*WHAT TO DO*
Below is a listing; transcribe it exactly but without any images.

*EXERCISE DATA*

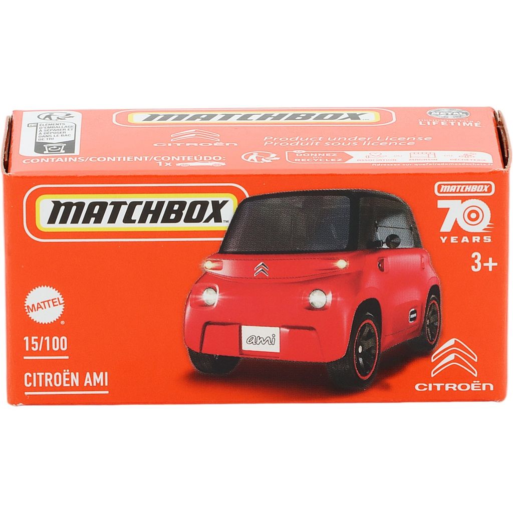 Rød Citroën AMI fra Matchbox og Power Grab-serien, hvor denne legetøjsbil er bil nummer 15/100.
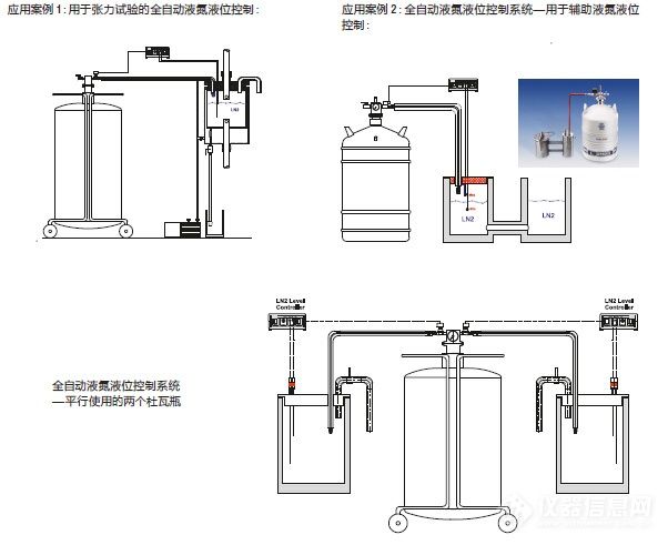 产品介绍 全自动液氮液位控制系统 杜瓦瓶中的全自动液氮液位控制系统 在很多低温应用中,例如驱动轴和套管的低温收缩安装,零部件或者是生物样品冷冻、在冷阱中使用液氮作为制冷剂、在液氮中校准传感器等等。保持液氮的液位在一个一定的水平是非常重要,KGW 液氮液位控制系统能够满足这一需求。在使用液氮液位控制系统时,杜瓦瓶中高液位和低液位两个传感器来进行测量级信号反馈,杜瓦瓶中的液氮可以保持一个一定的液位水平,即两个传感器对应的液位之间。KGW 提供的液位控制系统基本上可以配套使用所有的液氮容器。 液氮液位控制系统工作原理: 如果液位下降到低位的传感器以下,那么将会有信号传送到控制系统,控制系统将会打开位于传输液氮的虹吸管和液氮储存容器中间的24v 电磁阀,通过容器内的自增压力,将会把液氮推出容器,经过转移管路最后进入杜瓦瓶中,液氮液位上浮直到液位接触到高位液位传感器为止,高位液位传感器会监测到温度降低,将信号传递给控制系统,然后会切断电磁阀的电源使得电磁阀关闭,直到液氮液位再次低于低位传感器后才会再次开启,重复进行上述步骤。 用于手动样品低温收缩流程的全自动液氮液位控制系统 通过部件低温收缩特性来进行手动或者自动的连接安装,在收缩过程中,保证充分连续的冷却是非常重要的。液氮通常被用作制冷剂来冷却收缩驱动轴或者连接套管。使用液氮液位控制系统,可保证连接安装的稳定连续和安全。 订货信息 订货号:2760-35 用于手动样品低温收缩流程的全自动液氮液位控制系统,包含杜瓦瓶、盖子、出气管路和35L 的液氮储存罐。 用于冷阱的全自动液氮液位控制系统 为了保证冷阱的冷凝效果,保持杜瓦瓶里液氮的液位是非常重要的。只有保证有效的液氮液位,冷阱的整个凝结水的冻存表面才会起到***功能效果,并且得到***可用容量。液氮液位被调整在高位液位传感器和低位液位传感器之间,保持几乎恒定的液位水平。 订货信息 订货号:2755-25 全自动液氮液位控制系统,包含玻璃冷阱SL29GL-A、杜瓦瓶、盖子、出气管路和25L 的液氮储存罐。 订货号:2750-25 全自动液氮液位控制系统,包含不锈钢冷阱S54V-K16-Z、杜瓦瓶、盖子、出气管路和25L 的液氮储存罐。
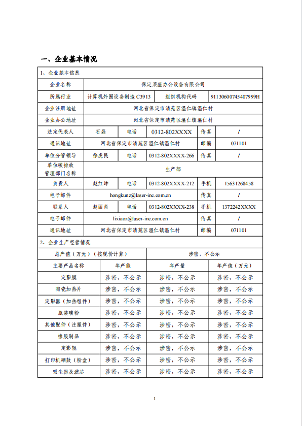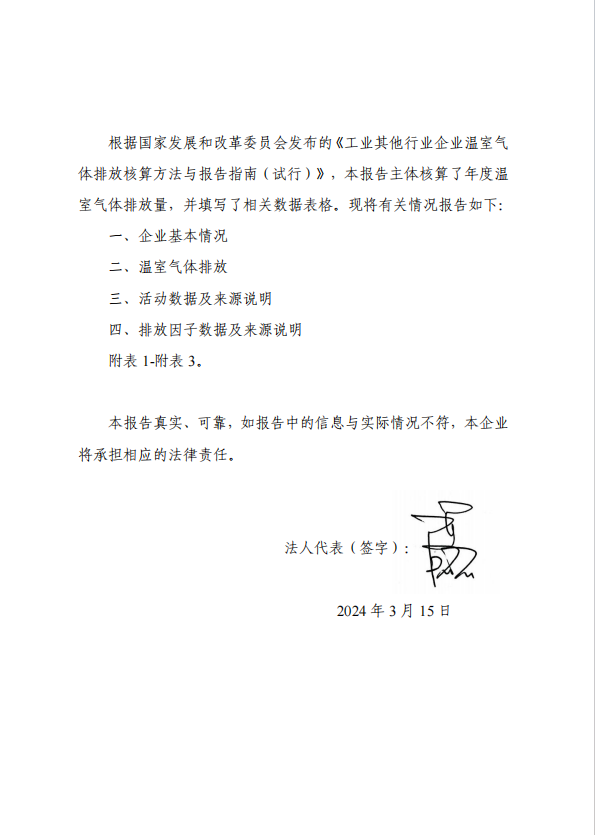 保定萊盛2023年溫室氣體排放報(bào)告(公示簡版)

*ANSWER SECTION*
 Rød Citroën AMI fra Matchbox og Power Grab-serien, hvor denne legetøjsbil er bil nummer 15/100.
 产品介绍 全自动液氮液位控制系统 杜瓦瓶中的全自动液氮液位控制系统 在很多低温应用中,例如驱动轴和套管的低温收缩安装,零部件或者是生物样品冷冻、在冷阱中使用液氮作为制冷剂、在液氮中校准传感器等等。保持液氮的液位在一个一定的水平是非常重要,KGW 液氮液位控制系统能够满足这一需求。在使用液氮液位控制系统时,杜瓦瓶中高液位和低液位两个传感器来进行测量级信号反馈,杜瓦瓶中的液氮可以保持一个一定的液位水平,即两个传感器对应的液位之间。KGW 提供的液位控制系统基本上可以配套使用所有的液氮容器。 液氮液位控制系统工作原理: 如果液位下降到低位的传感器以下,那么将会有信号传送到控制系统,控制系统将会打开位于传输液氮的虹吸管和液氮储存容器中间的24v 电磁阀,通过容器内的自增压力,将会把液氮推出容器,经过转移管路最后进入杜瓦瓶中,液氮液位上浮直到液位接触到高位液位传感器为止,高位液位传感器会监测到温度降低,将信号传递给控制系统,然后会切断电磁阀的电源使得电磁阀关闭,直到液氮液位再次低于低位传感器后才会再次开启,重复进行上述步骤。 用于手动样品低温收缩流程的全自动液氮液位控制系统 通过部件低温收缩特性来进行手动或者自动的连接安装,在收缩过程中,保证充分连续的冷却是非常重要的。液氮通常被用作制冷剂来冷却收缩驱动轴或者连接套管。使用液氮液位控制系统,可保证连接安装的稳定连续和安全。 订货信息 订货号:2760-35 用于手动样品低温收缩流程的全自动液氮液位控制系统,包含杜瓦瓶、盖子、出气管路和35L 的液氮储存罐。 用于冷阱的全自动液氮液位控制系统 为了保证冷阱的冷凝效果,保持杜瓦瓶里液氮的液位是非常重要的。只有保证有效的液氮液位,冷阱的整个凝结水的冻存表面才会起到***功能效果,并且得到***可用容量。液氮液位被调整在高位液位传感器和低位液位传感器之间,保持几乎恒定的液位水平。 订货信息 订货号:2755-25 全自动液氮液位控制系统,包含玻璃冷阱SL29GL-A、杜瓦瓶、盖子、出气管路和25L 的液氮储存罐。 订货号:2750-25 全自动液氮液位控制系统,包含不锈钢冷阱S54V-K16-Z、杜瓦瓶、盖子、出气管路和25L 的液氮储存罐。
 保定萊盛2023年溫室氣體排放報(bào)告(公示簡版)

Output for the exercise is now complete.